I am running the model using the data in this repo, the filtered metrics of the results I got are all zero, is that normal? Are there any mistakes I made in running the script? Thanks in advance.

The code to train the model

%run train.py --mode single \
--ent ../dat/wordnet-mlj12/ent.txt \
--rel ../dat/wordnet-mlj12/rel.txt \
--train ../dat/wordnet-mlj12/wordnet-mlj12-train-corrected.txt \
--valid ../dat/wordnet-mlj12/wordnet-mlj12-valid-corrected.txt \
--method distmult --mode pairwise --epoch 300 --batch 10 --lr 0.1 \
--l2_reg 0.0001 --dim 100 --opt adagrad \
--log wordnet-distmult/

The code to run the model over the test dataset.

%run test.py --ent ../dat/wordnet-mlj12/ent.txt \
--rel ../dat/wordnet-mlj12/rel.txt \
--data ../dat/wordnet-mlj12/wordnet-mlj12-test-corrected.txt \
--method distmult \
--model "wordnet-distmult/DistMult.best"

The output:

loading model...
Hits@1              : 0.3976
Hits@1(filter)      : 0.0
Hits@10             : 0.8054
Hits@10(filter)     : 0.0
Hits@3              : 0.6436
Hits@3(filter)      : 0.0
MRR                 : 0.5419057892992648
MRR(filter)         : 0.0

mana-ysh commented 6 years ago

Please add the argument --graphall and --filtered for filtered evaluation at testing (sorry for not describing this).

%run test.py --ent ../dat/wordnet-mlj12/ent.txt \
--rel ../dat/wordnet-mlj12/rel.txt \
--data ../dat/wordnet-mlj12/wordnet-mlj12-test-corrected.txt \
--method distmult \
--model "wordnet-distmult/DistMult.best" \
--graphall ../dat/wordnet-mlj12/whole.txt \
--filtered

This command should work and whole.txt contains all triplets data (just concatenating train/dev/test files), so please replace with your own data.

CicoZhang commented 6 years ago

Thank you for pointing it out.
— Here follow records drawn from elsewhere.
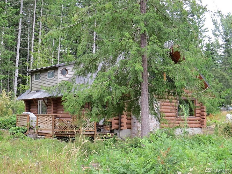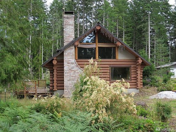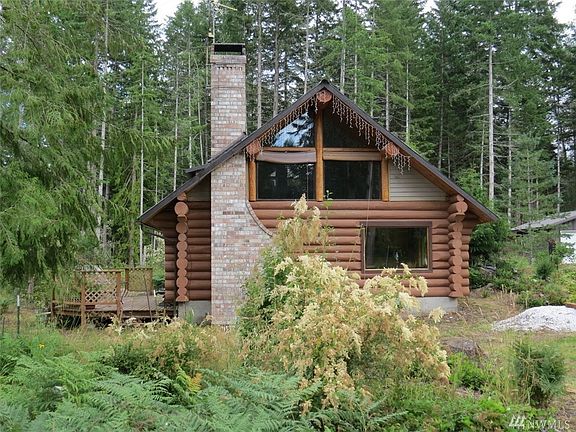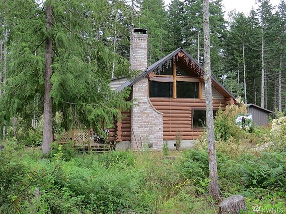 Serene setting with well-built log home that backs up to state DNR land. Oak hardwood flooring in living room and dining area. Lots of light with Southern exposure. Large brick fireplace with freestanding wood stove. Vaulted open beam ceiling. Power, water and septic available for RVs.
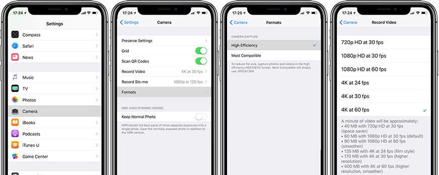 Шаги для записи видео в 4K с частотой кадров 60 FPS на iPhone 8/8 Plus и iPhone X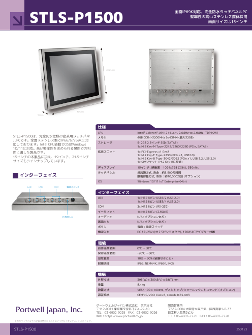 STLS-P1500は、完全防水仕様の産業用タッチパネルPCです。全面ステンレス製でIP66/67/69Kに対応しております。Intel CPU搭載でOSはWindows10/11に対応。高い堅牢性を求められ...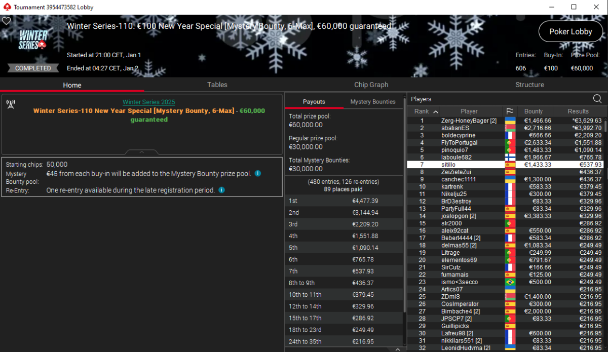 Por su parte, sitillo fue el mejor español en el Winter Series-110 New Year Special, alcanzando la séptima posición por la que se llevó 538 € de premio, aunque gracias a los sobres misteriosos se llevó otros 1.433 € para elevar sus ganancias hasta los 1.971 €.
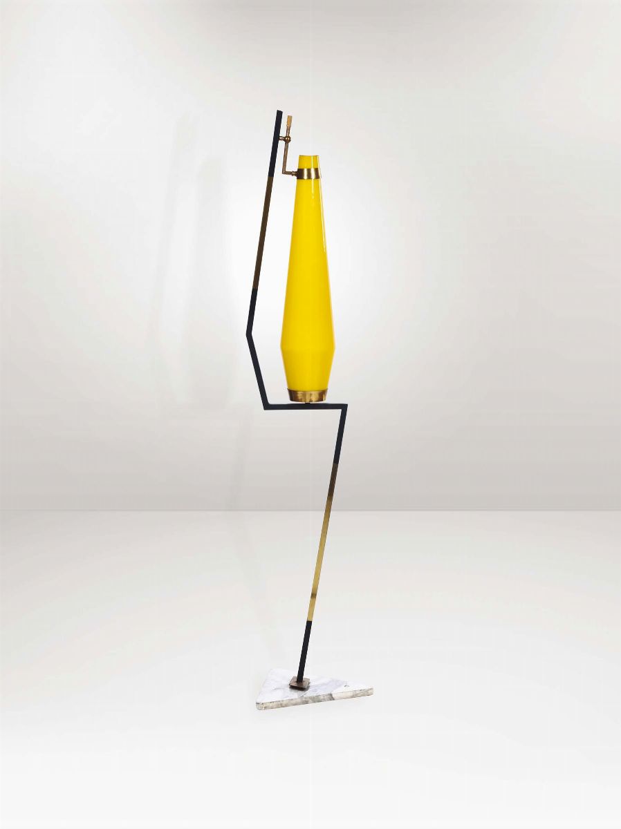 Lampada da terra con base in marmo, struttura in metallo verniciato e diffusore in vetro di Murano colorato.

It now works as expected!

zhouhoo commented 6 years ago

I trained on my own data, the hyper parameters are list as fellow: mode : single epoch : 500 batch : 128 lr : 0.05 dim : 200 negative : 10 l2_reg : 0.0001 gradclip : 5

my train data sample is like : 36401 AtLocation 17936 53973 AtLocation 117291 29419 AtLocation 78437 17776 AtLocation 133677 57301 AtLocation 14850

but the test result for hits are all zero . Hits@1 : 0 Hits@1(filter) : 0 Hits@10 : 0 Hits@10(filter) : 0 Hits@3 : 0 Hits@3(filter) : 0 MRR : 0.00111741447482 MRR(filter) : 0.00163314423242

I noticed that loading vocab is taking very long and when test loading whole graph also taking too long. but these really matter too all-zero problems? could you help me out? thanks

mana-ysh commented 6 years ago

Hi @zhouhoo

Firstly, thank you for pointing out long loading time. I will fix it in the future. Could you tell me the commands you ran for training and testing to answer the question?
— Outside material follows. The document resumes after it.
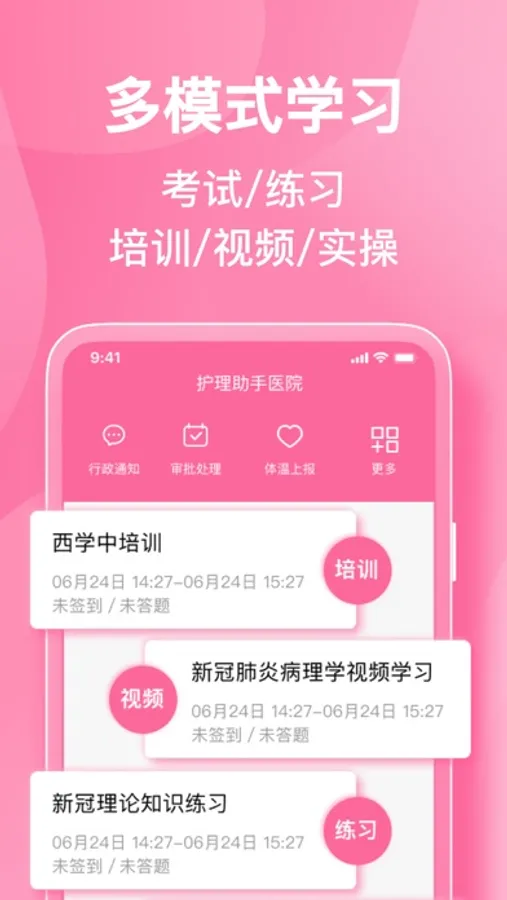 注:护理助手是一款针对医院内部护士培训的平台工具,暂时不支持用户自主登录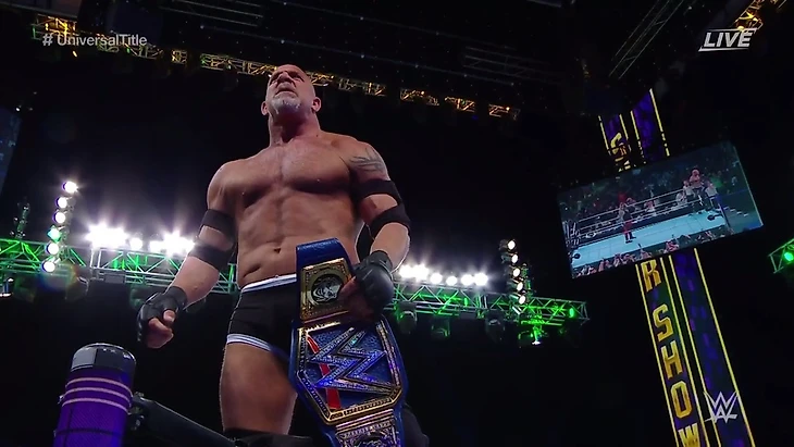 Чемпион Вселенной увидел момент и начал проводить 2-ой Mandible Сlaw - Изверг оказался близок к победе, если бы не хэдбатт и пара ударов с колена. Дело повернулось в пользу члена Зала Славы WWE, ибо это оказалось серьёзной заявкой. И тут Голдберг вышел на крайне неплотный JackHammer (отчасти даже заботченный, но как по мне - это не точно из-за физических показателей Билла) и свершилось немыслимое: Изверг буквально БЫЛ УДЕРЖАН до 3 после финишера Голдберга!!! Это было реальным ШОК-МОМЕНТОМ всего шоу - не галлюцинацией. ИЗВЕРГ ПАЛ ОТ РУК ЛЕГЕНДЫ WCW!!!

zhouhoo commented 6 years ago

@mana-ysh sorry, I was too rush . I run as the readme mentioned.

for train(default hyper parameter are list as above and I did not feed into): python train.py --ent ../dat/iel/nodes_id --rel ../dat/iel/rels --train ../dat/iel/train --valid ../dat/iel/validation

for test , python test.py --ent ../dat/FB15k/train.entlist --rel ../dat/FB15k/train.rellist --data ../dat/iel/test --filtered --graphall ../dat/iel/whole --method complex --model 20171219_21\:29/ComplEx.best

mana-ysh commented 6 years ago

@zhouhoo

Thank you for showing! In testing, the arguments --ent and --rel must be the same entity/relation lists in training. So can you try this?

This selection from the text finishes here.